In fact, most banks undertake their stress tests by risk silo—effectively separately calculating stress events for each of the various risk types (with few, if any, conducted to address operational risk). This is partly due to the inconsistencies in modeling approaches between the differing risk types and partly due to the complexity and cost of undertaking multiple stress tests.
The advent of Basel II has certainly done a lot to bring stress testing into the consciousness of senior management, with all the exhortations around their oversight of the stress-testing process. The regulatory output has been informative in categorizing a number of varieties of stress test/scenario analysis.
“Sensitivity analysis” is defined as a single-factor stress test. By implication, this is quantitative in nature and typically would not reference an event so much as a unitary movement in a single risk factor, such as exchange rates or commodity prices. Typically, we should incorporate some time dimension into the analysis, so that our future plans and the shock and potential recovery from this are quantified over time.

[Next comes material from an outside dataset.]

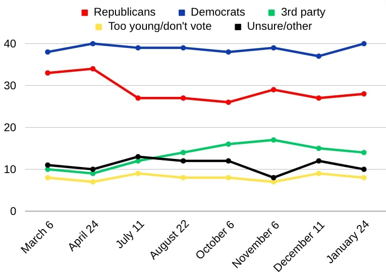 📊 Poll Results |  |  Note: Dates on x-axis aren’t spaced exactly apart | Yesterday, we covered how former President Trump and President Biden – who ran as a write-in candidate – both cruised to victory in their respective New Hampshire primary.
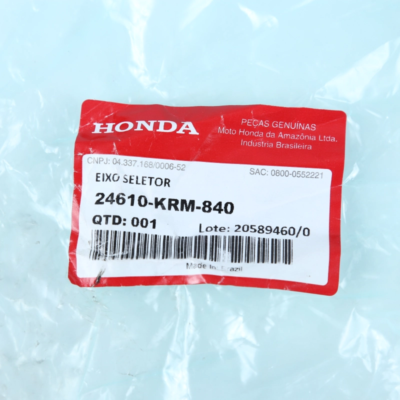 Eixo do pedal de câmbio original Honda, responsável por acionar o sistema de marchas, garantindo engates firmes, precisos e suaves. Produzido com aço de alta resistência e usinagem de precisão, proporciona durabilidade, desempenho e encaixe perfeito, mantendo o funcionamento original da motocicleta.

Some commentators define sensitivity analysis as evaluating the “delta” with respect to a particular risk driver and assuming that changes in a risk driver are small enough such that you can assume linearity in the effects of these changes. For example, if you know the effect of a one basis point increase in a particular interest rate on value-at-risk, under these assumptions a two basis point increase would produce double this effect. However, many instruments are nonlinear in their sensitivity to such movements and this approach will become increasingly more questionable if we are testing for larger movements in the risk drivers.
The above is to be contrasted with scenario analysis (or multi-factor stress testing), where multiple risk factors are combined. This will typically be as a result of a scenario, either historical or hypothetical, such as the avian flu example given earlier.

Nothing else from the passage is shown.